TASK STATEMENT —
Only the lines below from the one containing "其次,香港本土票房。《明日战" through the last line should be set down, exactly as written and with no pictures.

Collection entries

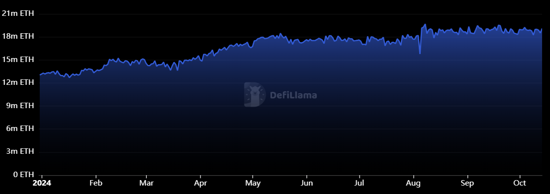 Theo dữ liệu từ DefiLlama, TVL của Ethereum đã duy trì ở mức khoảng 19 triệu ETH trong hai tháng qua. Điều này không quá đáng lo ngại, vì với $48 tỷ giá trị on-chain, Ethereum vẫn chiếm 55% thị phần trong thị trường tiền mã hóa. Để so sánh, TVL của BNB Chain cũng duy trì ổn định ở mức khoảng 8,1 triệu BNB trong cùng kỳ.
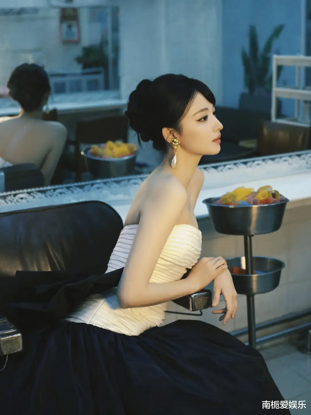 生图状态甚至被赞“越怼脸越美”,肌肤通透度与骨相立体度甚至超越精修,被封为“越怼脸越美”的“红毯战神”。工作室后续释出的“对镜自照”图更以虚实交错的构图,赋予造型电影般的叙事感,将她的红毯高光定格为年度经典画面。
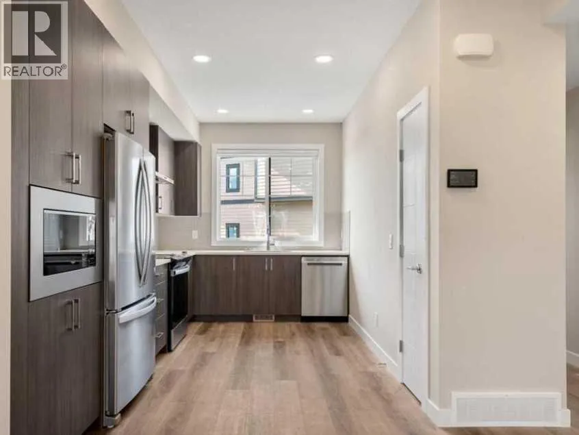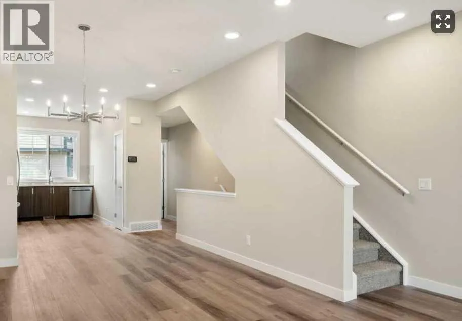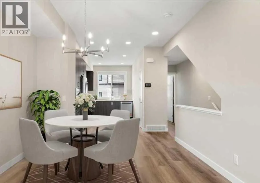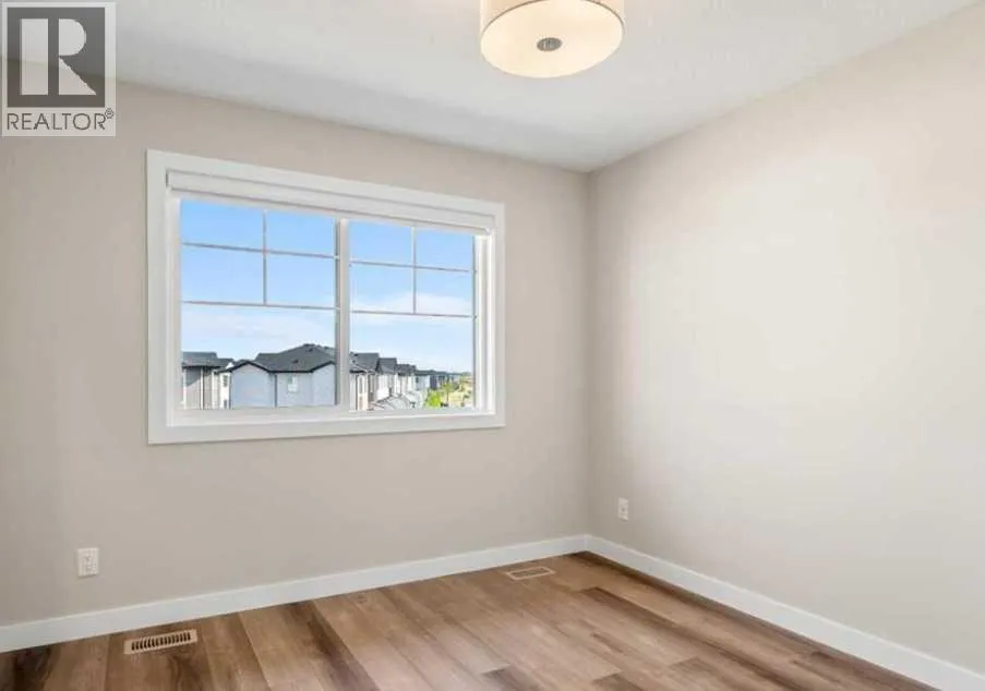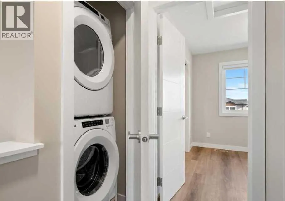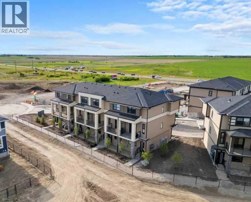 Welcome to Chelsea Court, a stylish two-bedroom, two-and-a-half-bathroom townhome in Chestermereâs vibrant Chelsea community. With over 1,100 sqft of thoughtfully designed living space, the open-concept main floor connects the kitchen, dining, and living areas, enhanced by large windows and air conditioning rough-ins. The kitchen features quartz countertops, rich cabinetry, and stainless steel appliances, with a half bath completing the level. Upstairs, the primary bedroom offers a four-piece ensuite and spacious closet, while the second bedroom has its own ensuite and walk-in. Laundry is conveniently upstairs as well. Durable Hardie board siding, a double tandem garage, and a private balcony add lasting value. Just minutes from Chestermere Lake, parks, shops, and Calgary access, this Trico Homes townhome offers modern comfort, convenience, and style. Photos are from a completed unit and are representative. (id:27476)
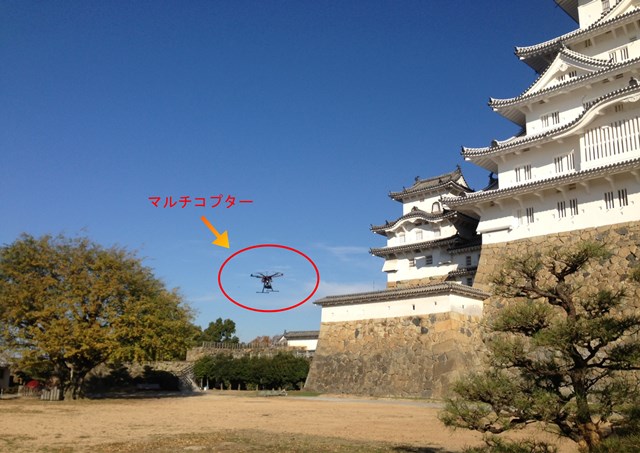 今回は、ヘリコプターではなくマルチコプターという直径1mほどの空撮機材を使用しての撮影。この機材の利点は、姫路城の白い瓦の近くまで寄って行けるので、鳥と同じような目線で姫路城の美しい細部に迫ることができます。
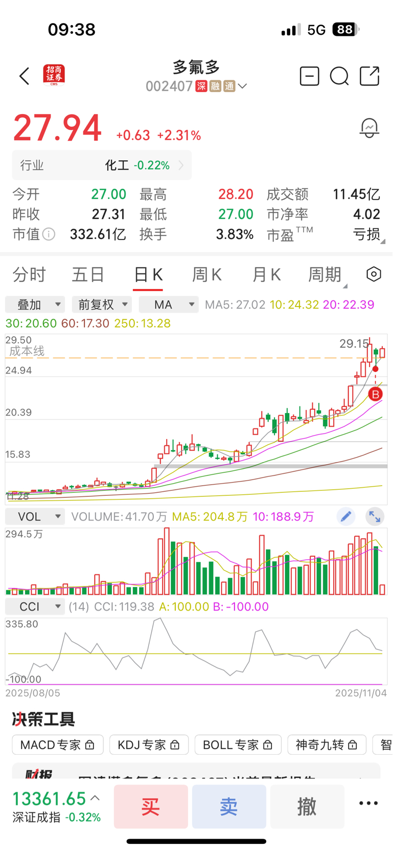 $多氟多(SZ002407)$ 今天能拉5个点我就跑了
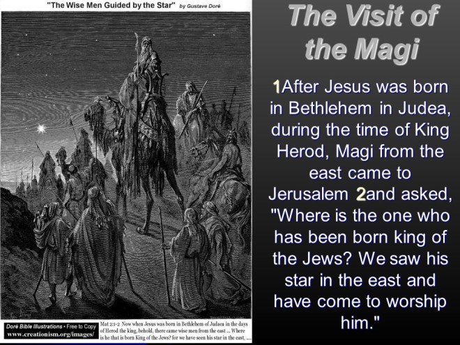 Matthew 2:1-12 . We get to read about the Magi (probably about 15 of them including servants) who came to Jerusalem to ask about the King of the Jews. This worried King Herod and all Jerusalem, and Herod asked the Scribes and the learned men where he was to be born. They answered “In Bethlehem of Judea”, but were otherwise remarkably uninterested. The wise men went to Jesus (he is by now at least a few months old), but did not report back to Herod, instead they returned another way.
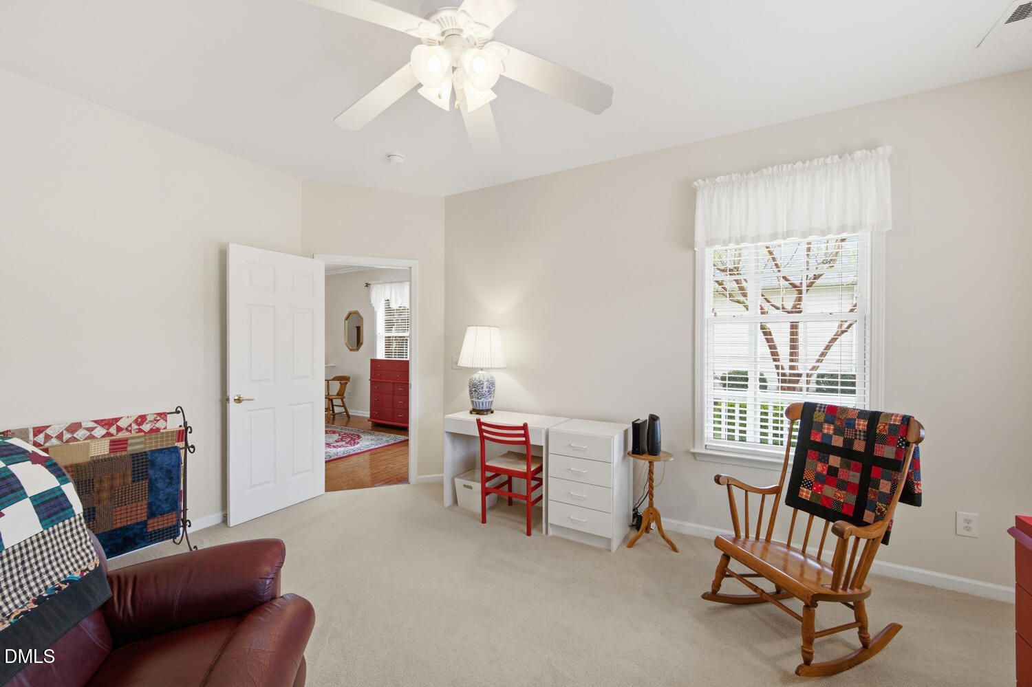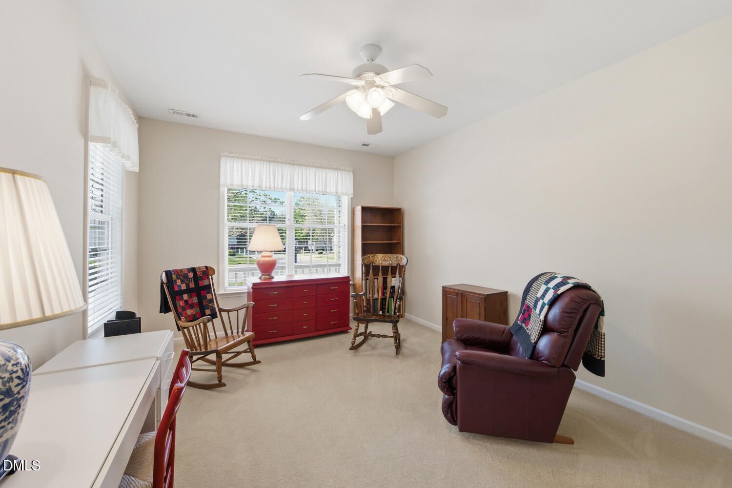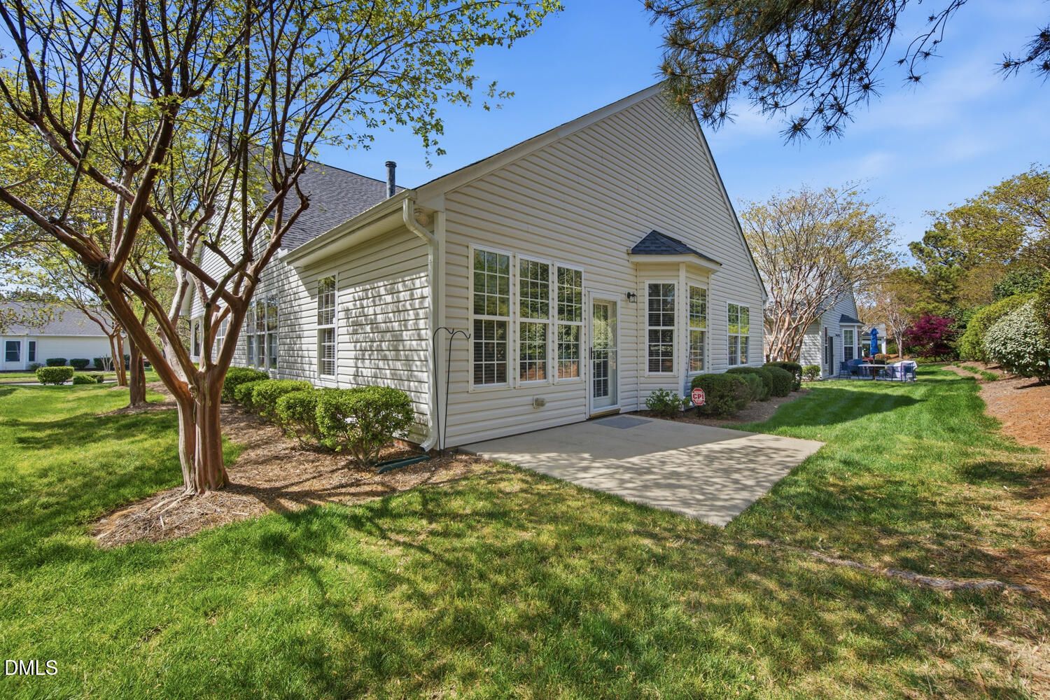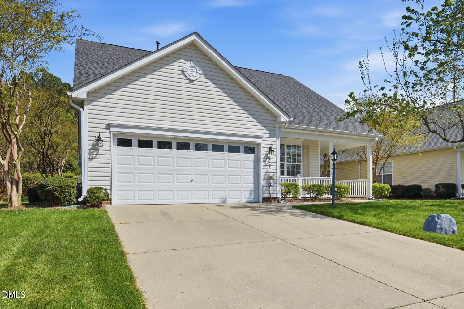 Enjoy active adult living in an ideal Cary location in Heritage Pines. This charming, like-new transitional ranch offers a bright, open, and versatile design with thoughtful details throughout. The spacious kitchen features granite countertops, 42'' maple cabinets, a serving bar, and a sunny bay window in the breakfast area, all flowing seamlessly into the family room - perfect for everyday living and entertaining. A striking double-sided fireplace connects the family room and formal living room, creating warmth and ambiance across both spaces. The home also includes a formal dining room, 2 bedrooms plus a study, and a comfortable, functional layout. Step outside to relax on the inviting wrap-around porch or enjoy the rear patio - ideal for outdoor dining or quiet mornings. Additional features include a 2-car garage, security system, and 4-zone irrigation system. Refrigerator, washer, and dryer convey. Located in a sidewalk- and trail-lined community near the Cary Greenway, RTP, RDU, shopping, dining, and major roadways, this home includes access to Heritage Pines' exceptional amenities: clubhouse with library, game room, arts and crafts room, and catering kitchen; fitness center and large gathering space; monthly resident art displays; outdoor pool and hot tub; and tennis, pickleball, bocce ball, and shuffleboard courts. A perfect blend of comfort, convenience, and vibrant community living.
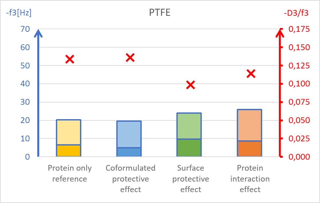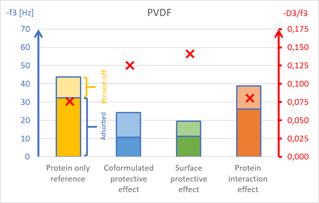 Li等人应用QCM-D增强了对不同材料表面表面活性剂-蛋白质稳定机制的理解。表面活性剂如聚山梨酯80 (PS 80)被添加到配方中作为稳定剂,以保护蛋白质免受任何不利的表面诱导效应。
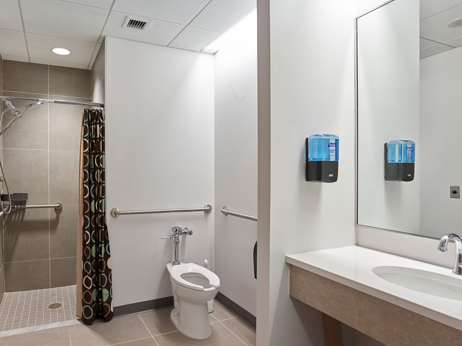 The six bunkroom restrooms, totaling approximately 335 square feet, were modernized with new ceramic wall and floor finishes, upgraded plumbing fixtures, lighting, HVAC, and cabinetry. The project also replaced all ceramic tile flooring and carpet throughout the ground and second floors and repainted wall surfaces to refresh and unify the entire facility. Together, these improvements restore Building 51 as a modern, efficient, and resilient home base for NIH’s emergency response operations — balancing durability, comfort, and efficiency in support of the Fire Department’s mission.
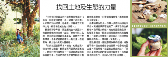 我是蔡致蕙,參與過兩屆的信義房屋社區一家計劃,也因為計劃的一路幫助,我們從三灣地區小小的的地方工作者到工作室,最後在新竹峨眉成立了林也好生活有限公司,以魚腥草及月桃等民俗植物為主題,產出自己在地無毒無藥的野草作物加工品項和協助地方友善環境小農農產品包裝銷售,希望能成為在地青年返鄉就業的友善管道,並每月以營收撥款5%捐助屏東霧台神山部落的『種樹一家』,今年我們從『責任消費與生產』擴展計畫到『全球夥伴』與在地周遭的鄉間企業一起執行各樣的發展計畫,促成在地農村轉型、減少果園用藥,共同發展深度特色旅行。
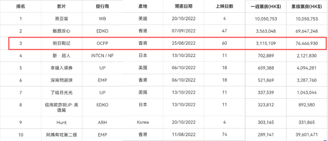 其次,香港本土票房。《明日战记》自上映以来,多次过关斩将,分别将周星驰的《功夫》,九把刀的《那些年,我们一起追的女孩》,以及郭富城、梁家辉的《寒战2》拉下马。
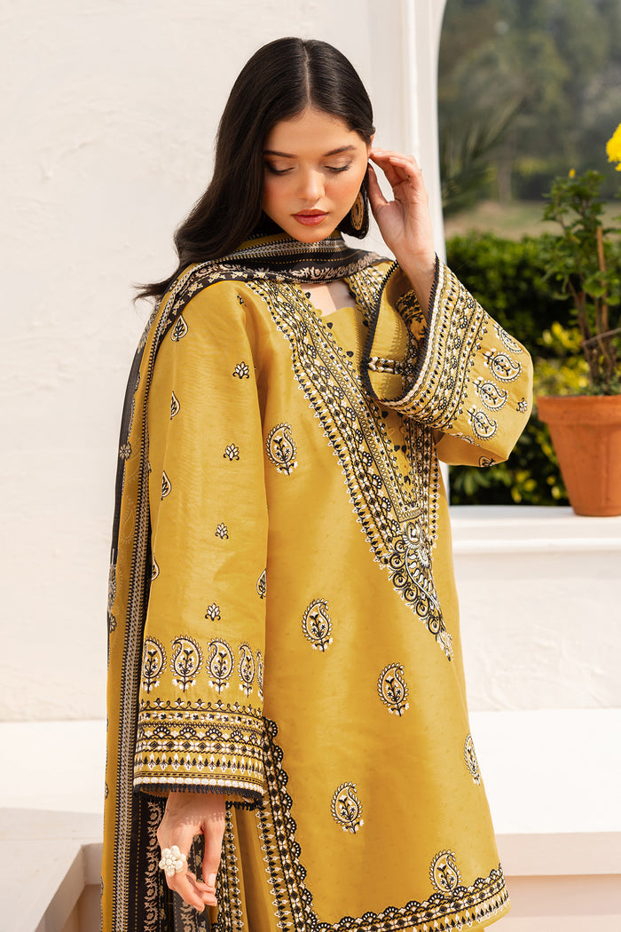 Crafted in bright hues, this lawn ensemble exudes grace. The shirt is adorned with embroidered details at front. The dyed cotton trouser complements the shirt seamlessly. A beautiful printed silk dupatta completes the look.

ANSWER SECTION —
 其次,香港本土票房。《明日战记》自上映以来,多次过关斩将,分别将周星驰的《功夫》,九把刀的《那些年,我们一起追的女孩》,以及郭富城、梁家辉的《寒战2》拉下马。
 Crafted in bright hues, this lawn ensemble exudes grace. The shirt is adorned with embroidered details at front. The dyed cotton trouser complements the shirt seamlessly. A beautiful printed silk dupatta completes the look.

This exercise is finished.